La vicenda di  questa giovane castelvetranese che ha denunciato i suoi aguzzini, apre uno spaccato  sui rapporti di lavoro che le poche attività  rimaste a Castelvetrano costringono a lavorare i loro collaboratori. Sono poche le aziende che rispettano le regole.   In città tutti sanno che, per non rimanere senza lavoro, ci sono persone costrette  a vivere  nel ricatto continuo del licenziamento e lavorare in condizioni disumane.  La mafia “bianca di chi da lavoro e dice “O chissi o ti nni po iri. Ci sunnu  atri 100 disposti a travagghiari” . Queste cose i sindacati li sanno molto bene. Solo che non fanno comunicati o informano la Polizia. Sarebbe opportuno far chiudere queste attività che sfruttano e ricattano i lavoratori. Anche questa economia è “illegale” e falsa. Inoltre  crea concorrenza sleale verso chi rispetta le regole e paga i lavoratori come da contratto. In passato anche alcune aziende che hanno lavorato con il comune, mettevano in regola i lavoratori per avere il Durc  in linea con le richieste e poi sottopagavano il personale o addirittura i lavoratori sono rimasti senza stipendio. Chi controlla che le aziende che lavorano con gli enti rispettano anche i pagamenti e gli orari di lavoro? Tutti pensano al certificato antimafia come se sfruttare le persone e dare soldi ad aziende che fanno questo, fosse un atteggiamento diverso dal fare mafioso.

 

Comunicato Stampa – Guardia di Finanza – Paghe di 200 euro mensili corrisposti a nero e in contanti, orari di lavoro massacranti e nessun riposo settimanale. Questi gli accordi tra due imprenditori e una giovane del posto costretta ad accettare una simile proposta di lavoro a causa delle pressanti necessità economiche e familiari.

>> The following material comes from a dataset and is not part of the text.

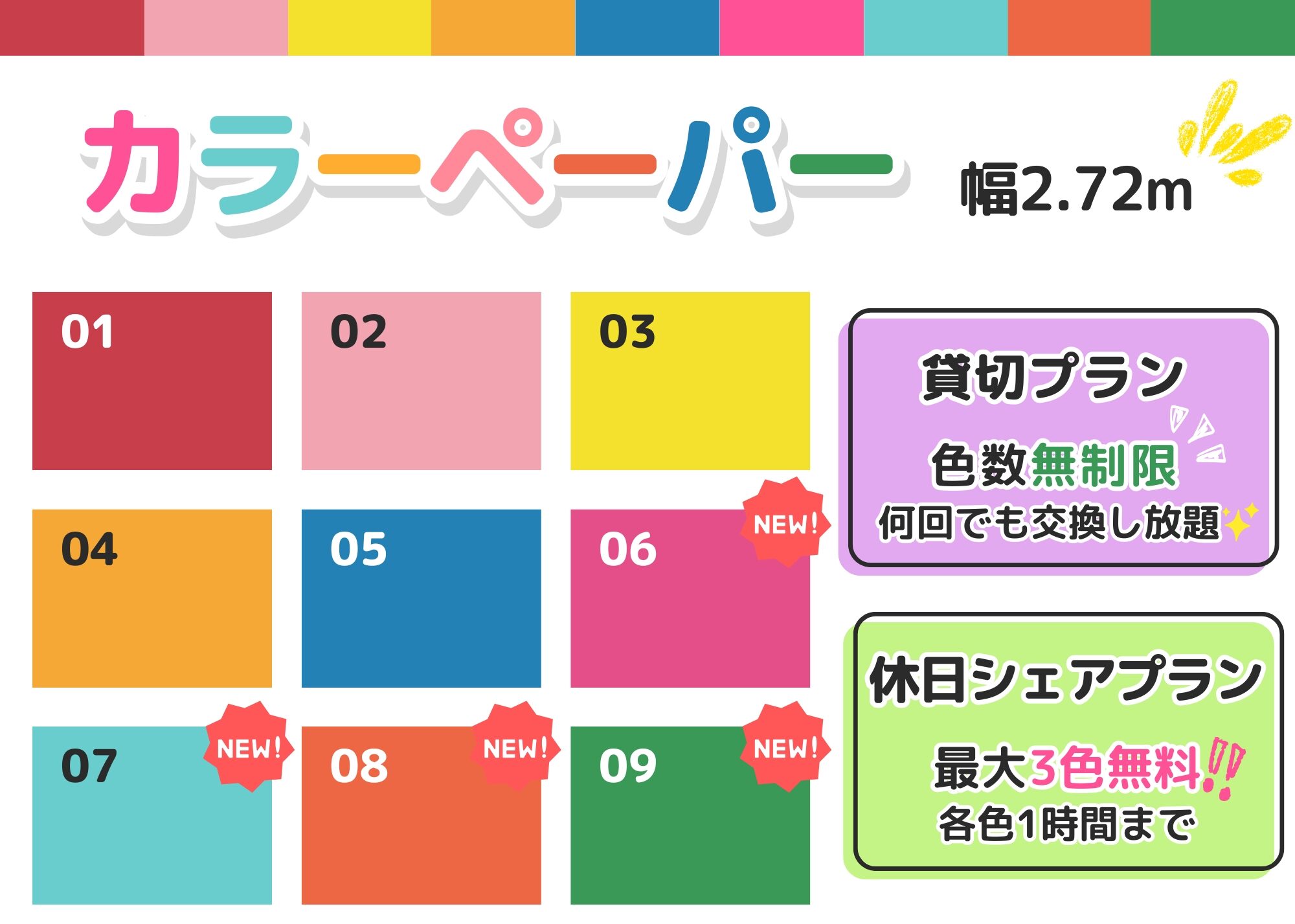 | カラーペーパー占有プラン 1時間以上同じ色を 使用したい方にオススメ◎ | 1色1時間毎/ 1,000円 |

La Guardia di Finanza di Castelvetrano ha dato esecuzione a un decreto di perquisizione e sequestro disposto dalla Procura di Marsala nei confronti di una società attiva nel settore del commercio di giocattoli all’interno della quale lavorava una dipendente sottoposta a condizioni di totale sfruttamento.

Le indagini sono iniziate nel mese di settembre del 2017, a seguito di un normale controllo fiscale eseguito nei confronti della società. In quella sede, nonostante il controllo avesse avuto esito regolare, uno degli esercenti è parso ai verbalizzanti visibilmente preoccupato.Insospettiti dall’insolito comportamento, i finanzieri hanno avviato una approfondita attività info-investigativa condotta anche attraverso l’analisi dei social network.

Ed è stato proprio l’incrocio delle informazioni acquisite da Facebook con le risultanze delle banche dati in uso al Corpo a fare luce sulla vicenda. I militari, infatti, hanno individuato un profilo virtuale intestato al negozio ma amministrato da una signora che non risultava essere tra i dipendenti regolarmente assunti dalla società. I finanzieri hanno quindi invitato in caserma l’amministratrice della pagina Facebook la quale, rassicurata dalla presenza dei militari, ha fornito dettagli e particolari riprovevoli sulle condizioni lavorative a cui è dovuta sottostare per diversi mesi. Ha raccontato ai militari di essere stata più volte minacciata di licenziamento e di aver accettato il lavoro in quanto i titolari avevano promesso di assumerla regolarmente.